───── Supplied records ─────

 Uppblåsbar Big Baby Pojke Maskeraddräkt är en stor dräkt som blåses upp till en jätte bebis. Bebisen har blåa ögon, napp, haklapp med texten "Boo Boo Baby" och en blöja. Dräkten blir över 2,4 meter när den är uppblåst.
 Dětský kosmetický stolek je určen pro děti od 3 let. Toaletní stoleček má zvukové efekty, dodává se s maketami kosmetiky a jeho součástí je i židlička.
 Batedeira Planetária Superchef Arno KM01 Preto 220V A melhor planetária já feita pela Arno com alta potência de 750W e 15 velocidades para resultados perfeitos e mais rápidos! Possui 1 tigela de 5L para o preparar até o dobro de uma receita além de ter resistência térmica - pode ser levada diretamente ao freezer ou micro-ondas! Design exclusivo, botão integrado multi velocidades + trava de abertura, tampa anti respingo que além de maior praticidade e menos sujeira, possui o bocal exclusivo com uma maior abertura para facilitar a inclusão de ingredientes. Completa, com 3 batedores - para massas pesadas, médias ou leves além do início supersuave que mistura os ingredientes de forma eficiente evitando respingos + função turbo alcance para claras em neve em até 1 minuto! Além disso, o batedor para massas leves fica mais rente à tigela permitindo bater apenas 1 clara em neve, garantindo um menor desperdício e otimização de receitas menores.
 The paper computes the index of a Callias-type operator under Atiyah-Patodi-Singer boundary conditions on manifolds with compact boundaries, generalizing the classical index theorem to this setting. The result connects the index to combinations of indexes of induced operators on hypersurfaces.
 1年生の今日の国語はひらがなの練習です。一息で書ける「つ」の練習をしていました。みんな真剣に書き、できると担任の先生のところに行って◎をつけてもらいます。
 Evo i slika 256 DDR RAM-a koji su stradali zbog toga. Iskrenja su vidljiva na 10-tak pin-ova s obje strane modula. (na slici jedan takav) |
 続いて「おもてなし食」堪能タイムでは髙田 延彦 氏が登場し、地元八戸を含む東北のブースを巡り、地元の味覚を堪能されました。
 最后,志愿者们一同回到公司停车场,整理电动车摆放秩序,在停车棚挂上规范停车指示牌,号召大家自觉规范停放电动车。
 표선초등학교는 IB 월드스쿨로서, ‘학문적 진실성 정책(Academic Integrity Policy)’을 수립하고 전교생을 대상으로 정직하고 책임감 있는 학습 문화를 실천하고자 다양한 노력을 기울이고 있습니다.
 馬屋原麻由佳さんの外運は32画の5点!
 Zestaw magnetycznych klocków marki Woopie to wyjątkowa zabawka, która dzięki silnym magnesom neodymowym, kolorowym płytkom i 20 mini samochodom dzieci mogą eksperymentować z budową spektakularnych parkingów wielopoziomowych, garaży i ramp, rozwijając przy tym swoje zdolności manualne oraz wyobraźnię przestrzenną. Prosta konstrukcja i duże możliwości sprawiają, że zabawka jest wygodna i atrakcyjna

─────
───── Supplied records ─────

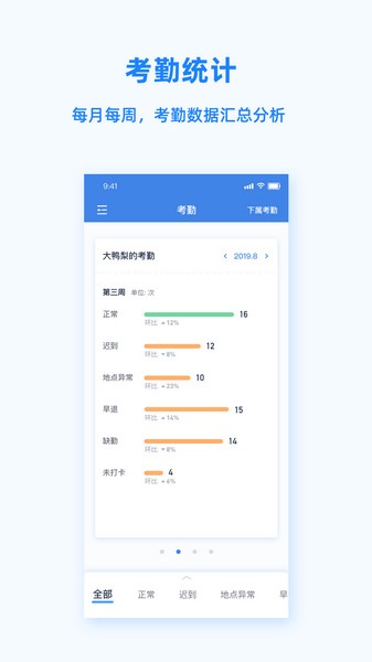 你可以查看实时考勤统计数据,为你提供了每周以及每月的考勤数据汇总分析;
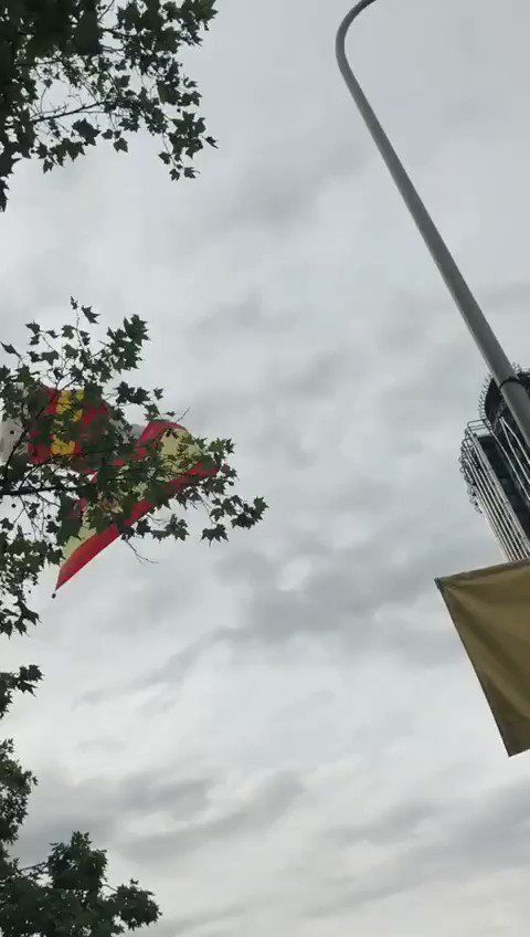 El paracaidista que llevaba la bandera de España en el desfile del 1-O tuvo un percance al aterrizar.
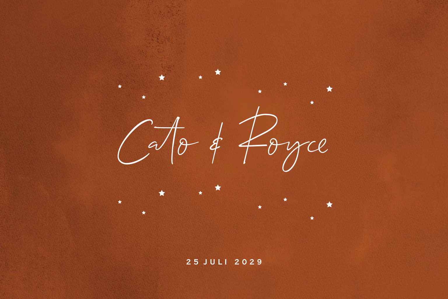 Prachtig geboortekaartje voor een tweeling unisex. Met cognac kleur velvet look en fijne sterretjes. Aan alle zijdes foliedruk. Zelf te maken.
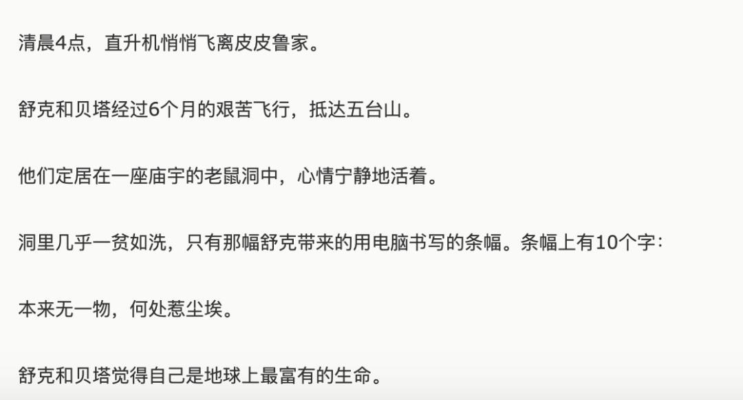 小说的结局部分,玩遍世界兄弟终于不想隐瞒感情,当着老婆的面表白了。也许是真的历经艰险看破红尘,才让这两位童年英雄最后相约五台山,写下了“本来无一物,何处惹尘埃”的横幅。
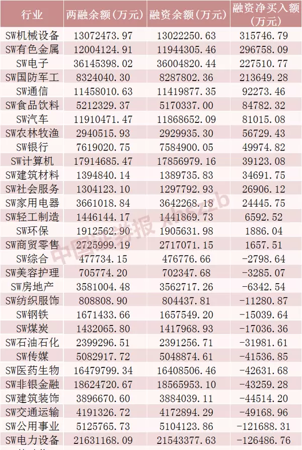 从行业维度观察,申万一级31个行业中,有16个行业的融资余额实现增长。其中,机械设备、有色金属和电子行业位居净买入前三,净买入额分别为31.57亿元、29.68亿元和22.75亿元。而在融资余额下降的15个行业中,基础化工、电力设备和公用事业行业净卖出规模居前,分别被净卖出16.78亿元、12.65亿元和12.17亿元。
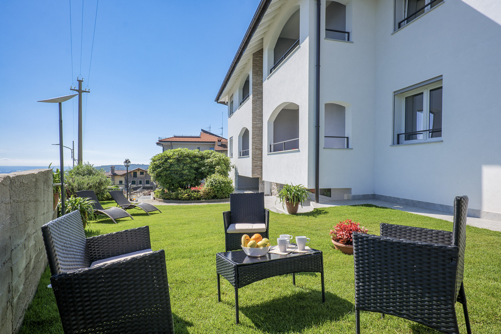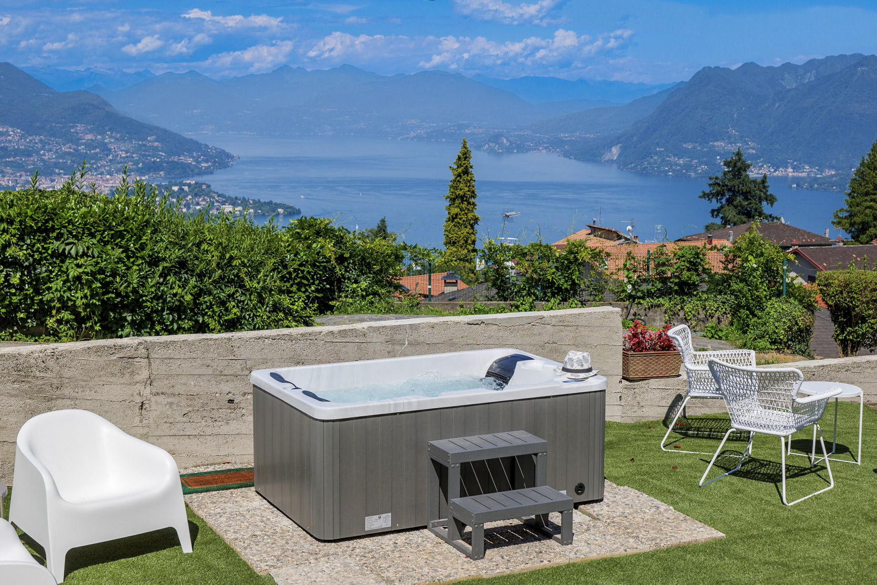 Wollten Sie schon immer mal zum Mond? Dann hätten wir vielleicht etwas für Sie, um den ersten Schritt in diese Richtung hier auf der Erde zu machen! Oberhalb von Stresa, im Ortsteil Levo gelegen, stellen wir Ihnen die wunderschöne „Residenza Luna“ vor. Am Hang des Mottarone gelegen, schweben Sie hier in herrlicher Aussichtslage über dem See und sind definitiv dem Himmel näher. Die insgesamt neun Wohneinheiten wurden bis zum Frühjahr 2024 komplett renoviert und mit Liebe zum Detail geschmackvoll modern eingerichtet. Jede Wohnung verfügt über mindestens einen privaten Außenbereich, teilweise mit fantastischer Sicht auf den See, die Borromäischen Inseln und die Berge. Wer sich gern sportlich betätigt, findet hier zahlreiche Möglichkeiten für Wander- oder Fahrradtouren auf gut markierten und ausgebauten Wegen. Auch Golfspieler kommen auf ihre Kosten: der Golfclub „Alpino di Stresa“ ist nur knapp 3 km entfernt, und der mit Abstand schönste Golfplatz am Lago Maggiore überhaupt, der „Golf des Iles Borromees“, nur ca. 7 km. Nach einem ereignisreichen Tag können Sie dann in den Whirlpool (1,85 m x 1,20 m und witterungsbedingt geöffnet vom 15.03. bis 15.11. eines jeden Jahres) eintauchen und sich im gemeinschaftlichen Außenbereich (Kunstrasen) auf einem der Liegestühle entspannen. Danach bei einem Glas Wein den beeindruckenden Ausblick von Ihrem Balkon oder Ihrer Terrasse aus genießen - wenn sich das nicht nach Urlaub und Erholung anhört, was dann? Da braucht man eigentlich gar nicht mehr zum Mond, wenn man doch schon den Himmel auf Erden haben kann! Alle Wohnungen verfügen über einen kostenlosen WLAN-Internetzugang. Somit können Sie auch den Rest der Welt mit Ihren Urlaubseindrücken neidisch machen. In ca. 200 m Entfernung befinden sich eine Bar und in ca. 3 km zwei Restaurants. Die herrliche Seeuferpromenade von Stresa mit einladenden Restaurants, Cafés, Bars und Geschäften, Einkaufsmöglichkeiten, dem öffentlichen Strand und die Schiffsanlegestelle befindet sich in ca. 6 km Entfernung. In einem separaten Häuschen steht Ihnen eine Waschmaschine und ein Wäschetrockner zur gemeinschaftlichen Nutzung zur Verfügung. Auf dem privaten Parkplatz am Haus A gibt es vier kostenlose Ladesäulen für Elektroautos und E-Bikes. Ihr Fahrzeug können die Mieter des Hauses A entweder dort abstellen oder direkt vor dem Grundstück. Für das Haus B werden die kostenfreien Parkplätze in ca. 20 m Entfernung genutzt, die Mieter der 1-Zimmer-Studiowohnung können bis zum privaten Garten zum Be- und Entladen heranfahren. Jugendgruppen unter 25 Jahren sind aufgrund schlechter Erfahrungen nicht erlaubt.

─────

Exercise brief: Within the data above, the lines from the one with "1年生の今日の国語はひらがな" to the one with "Zestaw magnetycznych klocków" must be repeated exactly; no other line belongs in the answer.

Solution to the problem:
 1年生の今日の国語はひらがなの練習です。一息で書ける「つ」の練習をしていました。みんな真剣に書き、できると担任の先生のところに行って◎をつけてもらいます。
 Evo i slika 256 DDR RAM-a koji su stradali zbog toga. Iskrenja su vidljiva na 10-tak pin-ova s obje strane modula. (na slici jedan takav) |
 続いて「おもてなし食」堪能タイムでは髙田 延彦 氏が登場し、地元八戸を含む東北のブースを巡り、地元の味覚を堪能されました。
 最后,志愿者们一同回到公司停车场,整理电动车摆放秩序,在停车棚挂上规范停车指示牌,号召大家自觉规范停放电动车。
 표선초등학교는 IB 월드스쿨로서, ‘학문적 진실성 정책(Academic Integrity Policy)’을 수립하고 전교생을 대상으로 정직하고 책임감 있는 학습 문화를 실천하고자 다양한 노력을 기울이고 있습니다.
 馬屋原麻由佳さんの外運は32画の5点!
 Zestaw magnetycznych klocków marki Woopie to wyjątkowa zabawka, która dzięki silnym magnesom neodymowym, kolorowym płytkom i 20 mini samochodom dzieci mogą eksperymentować z budową spektakularnych parkingów wielopoziomowych, garaży i ramp, rozwijając przy tym swoje zdolności manualne oraz wyobraźnię przestrzenną. Prosta konstrukcja i duże możliwości sprawiają, że zabawka jest wygodna i atrakcyjna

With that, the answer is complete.